In the equation, L_s represents the span of the cyclic compression base, m; other variables are the same as those for a fixed-ended beam. According to the theory of material mechanics, the bending moment at the fixed end of the cantilever beam is given by M = qL_s²/2. After the fixed end failure, the boundary condition at the fixed end changes to a simply supported condition³². Based on the simplified boundary conditions, the vertical displacement w_s (where w_s = v_s) at any point along the fixed-supported beam is expressed by Eq. (15). However, the current computational models do not consider progressive cracking and localized plastic deformation; these factors should be incorporated in future research.

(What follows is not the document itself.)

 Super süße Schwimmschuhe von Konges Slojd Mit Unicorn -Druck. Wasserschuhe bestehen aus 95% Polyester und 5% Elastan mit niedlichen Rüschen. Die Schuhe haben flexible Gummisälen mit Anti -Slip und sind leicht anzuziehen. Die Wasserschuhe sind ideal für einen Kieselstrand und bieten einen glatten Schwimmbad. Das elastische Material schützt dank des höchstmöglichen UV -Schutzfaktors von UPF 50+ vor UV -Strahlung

Theoretical model of surface subsidence in shallow buried high-intensity mining

The surface subsidence basin model of the gently inclined coal seam’s rectangular goaf area is utilized as the deflection function of the key stratum controlling surface movement, based on the semi-inverse method of thin plate theory to enhance the representativeness of the deflection function.

$$w(x,y)={w}_{m}{\left[1-\left(\frac{{x}^{2}}{{a}_{n}^{2}}+\frac{{y}^{2}}{{b}_{n}^{2}}\right)\right]}^{d}$$

\({w}_{m}\) represents the maximum deflection of the plate in this stratum; is the dimension of the n-th rock plate in the direction of the long axis, measured from the coal seam roof upwards; ​ is the dimension of the rock plate in the direction of the short axis; d is a parameter controlling the shape of the deflection curve along the z-axis.

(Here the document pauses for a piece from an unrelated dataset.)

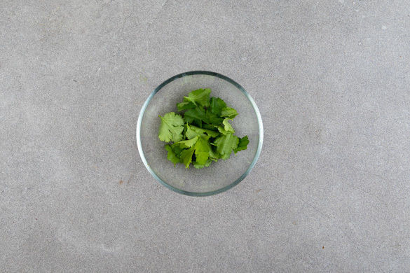 Inzwischen die Korianderblätter von den Stängeln zupfen.
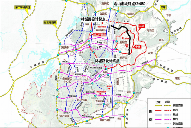 林城东路延伸段:总投资约200亿元,将向北延伸连接白云新城,形成“金融城—小龙滩—南明”城市发展轴,目前林城东路延伸段已正式展开房屋征收启动工作。

The x-axis is defined as the direction of the coal seam strike, the y-axis as the dip direction, and the z-axis as the direction vertically downward from the goaf area.

$$\frac{{x}^{2}}{{{a}_{n}}^{2}}+\frac{{y}^{2}}{{{b}_{n}}^{2}}=1$$

\({a}_{n}\) is the dimension of the n-th rock plate in the direction of the long axis, measured upwards from the coal seam roof; \({b}_{n}\)​ is the dimension of the rock plate in the direction of the short axis.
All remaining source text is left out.